Let us load tidyverse and set ggplot2 theme with bigger base size for legible axis labels.
library(tidyverse) theme_set(theme_bw(base_size=16))
We will use our most beloved data set, i.e. palmer penguin’s data set to make scatterplots with regression lines. Penguin Data was originally collected and made available by Dr. Kristen Gorman and the Palmer Station, Antarctica LTER. And Thanks to Alison Horst, we now have the the data easily available.
p2data <- "https://raw.githubusercontent.com/datavizpyr/data/master/palmer_penguin_species.tsv" penguins_df <- read_tsv(p2data) ## Parsed with column specification: ## cols( ## species = col_character(), ## island = col_character(), ## culmen_length_mm = col_double(), ## culmen_depth_mm = col_double(), ## flipper_length_mm = col_double(), ## body_mass_g = col_double(), ## sex = col_character() ## )
How to Add Regression Line with geom_smooth() in ggplot2?
Let us start making a simple scatter plot between two quantitative variables and save the plot as ggplot object first.
sc_plot <- penguins_df %>% ggplot(aes(x=culmen_length_mm, y=flipper_length_mm))+ geom_point()
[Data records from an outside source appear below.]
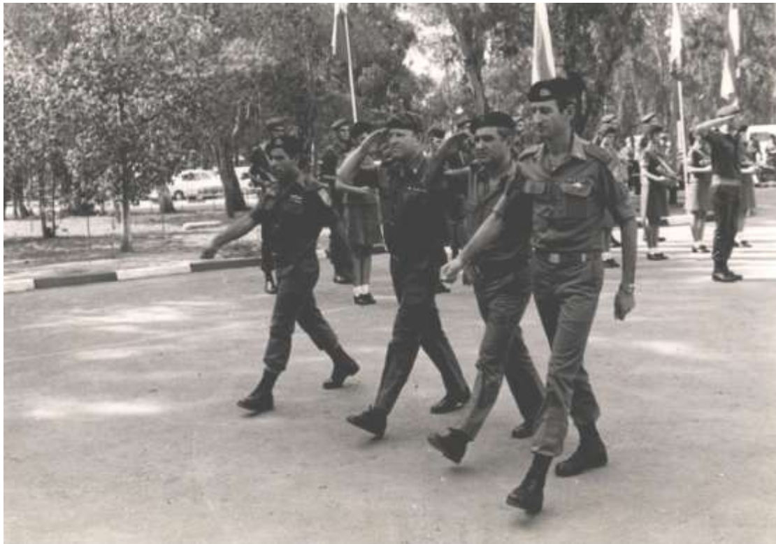
חילופי הקחש"ר 1983

שיוכפף חיל החימוש לאג"א לא יהיה משקל הולם לשיקולים המקצועיים של החיל ומשמעות הגדרת הקחש"ר כ'סמכות המקצועית הראשית' תאבד מתוכנה. 39
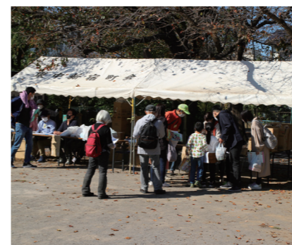
最後にたくさんのお土産を手にして

火器や掲示板、そして公衆電話、AEDを散策しながら見つけてみようというものでした。これは、町会員の皆さんに災害時の対応意識を高めていただくためのイベントでもありました。散策時間は1時間、その後みどりの広場に
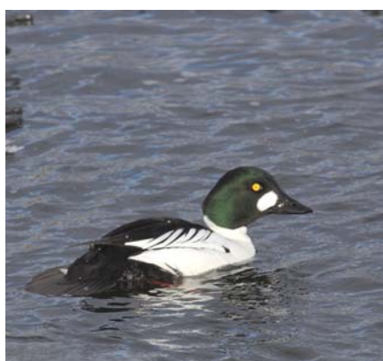
Billede 3 Hvinand, han.

Now we can add regression line to the scatter plot by adding geom_smooth() function. geom_smooth() in ggplot2 is a very versatile function that can handle a variety of regression based fitting lines. For example, we can fit simple linear regression line, can do lowess fitting, and also glm. In this example below we have specified the argument method=”lm” within geom_smooth() function. This adds a regression line using linear regression to the scatter plot.
sc_plot + geom_smooth(method="lm")
If we don’t specify method argument to geom_smooth() function, it uses loess() for less than 1,000 observations. We get a scatter plot with a single regression line with error band showing how good the fit is.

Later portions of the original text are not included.